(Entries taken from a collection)
-=-=-

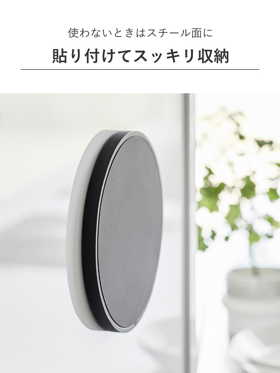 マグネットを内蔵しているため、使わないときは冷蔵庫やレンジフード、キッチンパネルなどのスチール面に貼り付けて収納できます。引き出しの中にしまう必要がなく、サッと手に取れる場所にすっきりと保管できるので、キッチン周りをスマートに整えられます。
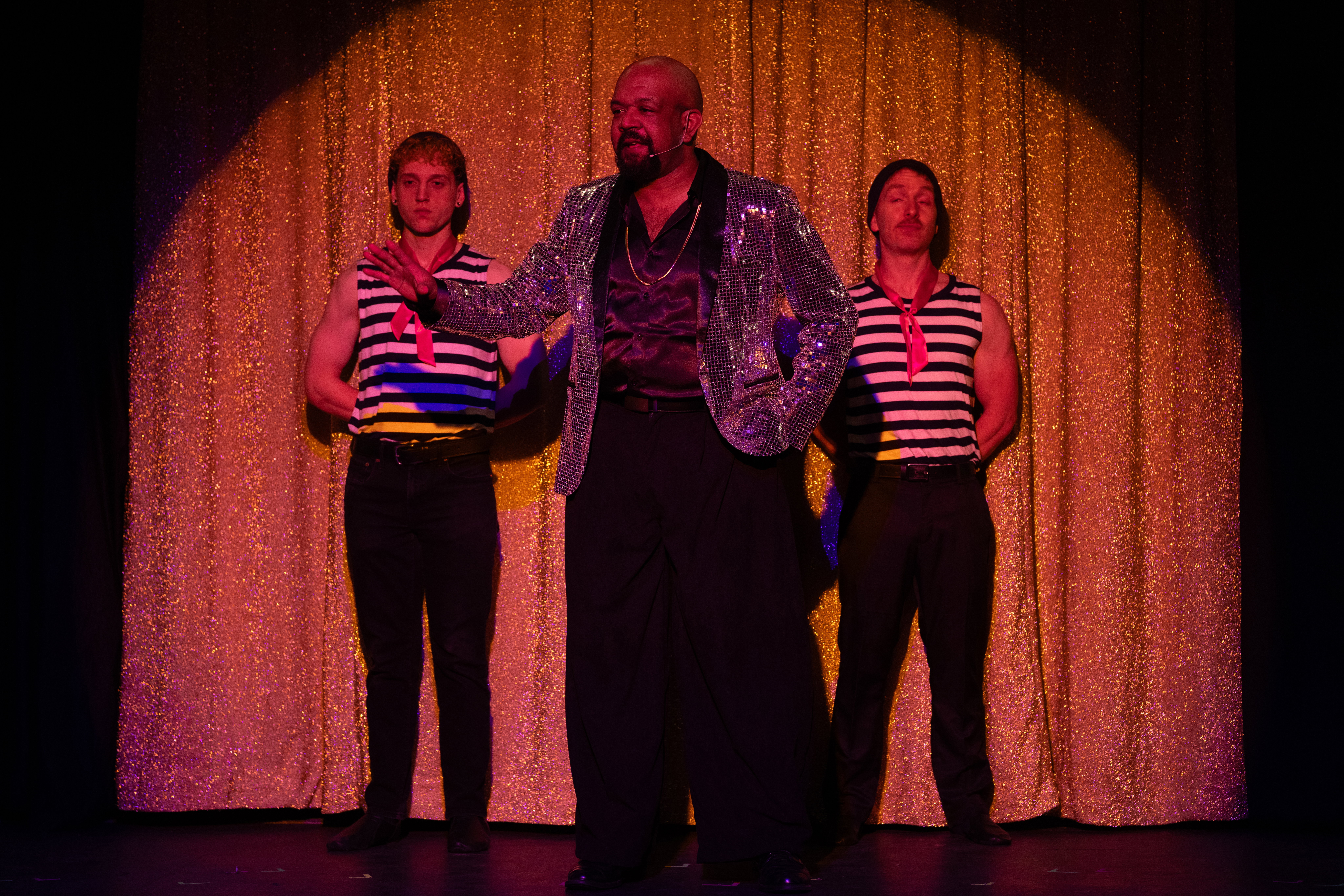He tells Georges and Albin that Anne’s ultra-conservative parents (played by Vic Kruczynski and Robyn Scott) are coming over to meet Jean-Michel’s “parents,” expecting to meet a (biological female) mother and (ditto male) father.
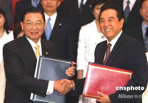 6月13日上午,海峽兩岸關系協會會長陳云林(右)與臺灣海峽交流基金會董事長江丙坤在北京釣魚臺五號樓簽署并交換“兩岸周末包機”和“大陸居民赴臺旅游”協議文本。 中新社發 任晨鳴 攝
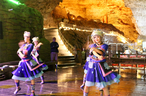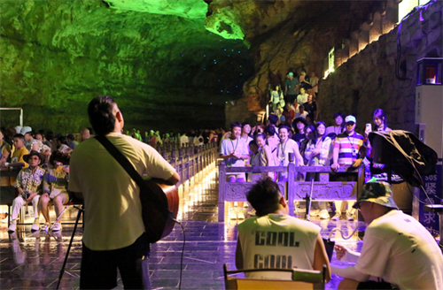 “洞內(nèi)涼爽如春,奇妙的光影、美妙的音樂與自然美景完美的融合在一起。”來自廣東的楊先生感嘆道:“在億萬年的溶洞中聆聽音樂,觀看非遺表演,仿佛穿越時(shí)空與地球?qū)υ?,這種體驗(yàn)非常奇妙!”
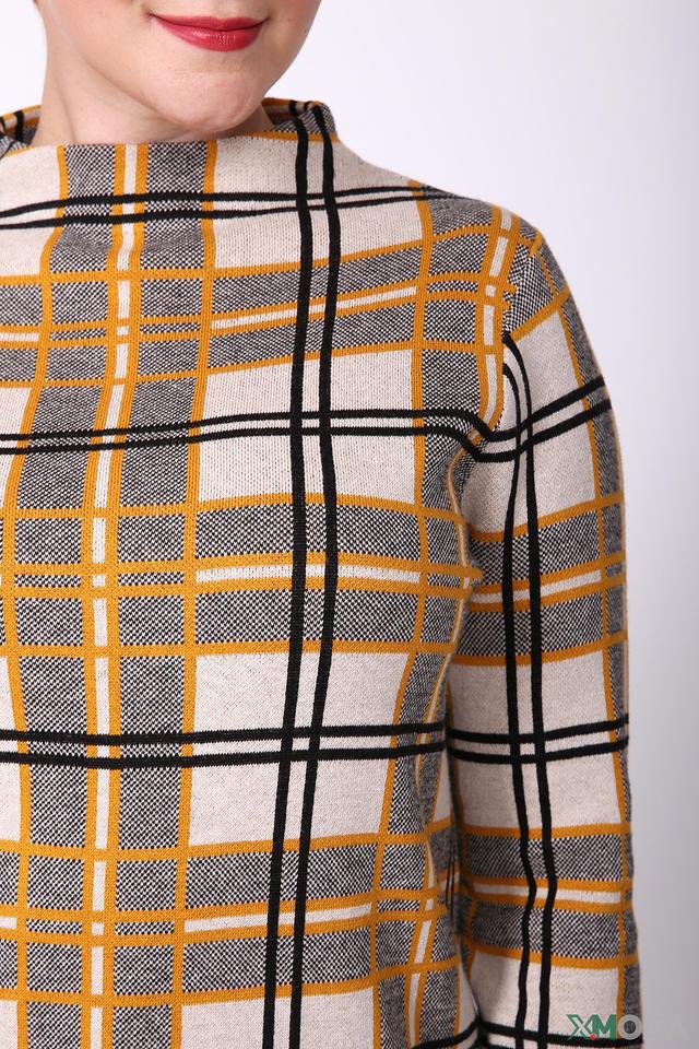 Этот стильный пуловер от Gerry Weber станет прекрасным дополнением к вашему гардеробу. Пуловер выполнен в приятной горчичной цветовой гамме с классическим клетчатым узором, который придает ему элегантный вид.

-=-=-

* **What is expected**: Restate the records above word for word. Skip every picture.

* **Answer to the exercise**:
 マグネットを内蔵しているため、使わないときは冷蔵庫やレンジフード、キッチンパネルなどのスチール面に貼り付けて収納できます。引き出しの中にしまう必要がなく、サッと手に取れる場所にすっきりと保管できるので、キッチン周りをスマートに整えられます。
He tells Georges and Albin that Anne’s ultra-conservative parents (played by Vic Kruczynski and Robyn Scott) are coming over to meet Jean-Michel’s “parents,” expecting to meet a (biological female) mother and (ditto male) father.
 6月13日上午,海峽兩岸關系協會會長陳云林(右)與臺灣海峽交流基金會董事長江丙坤在北京釣魚臺五號樓簽署并交換“兩岸周末包機”和“大陸居民赴臺旅游”協議文本。 中新社發 任晨鳴 攝
 “洞內(nèi)涼爽如春,奇妙的光影、美妙的音樂與自然美景完美的融合在一起。”來自廣東的楊先生感嘆道:“在億萬年的溶洞中聆聽音樂,觀看非遺表演,仿佛穿越時(shí)空與地球?qū)υ?,這種體驗(yàn)非常奇妙!”
 Этот стильный пуловер от Gerry Weber станет прекрасным дополнением к вашему гардеробу. Пуловер выполнен в приятной горчичной цветовой гамме с классическим клетчатым узором, который придает ему элегантный вид.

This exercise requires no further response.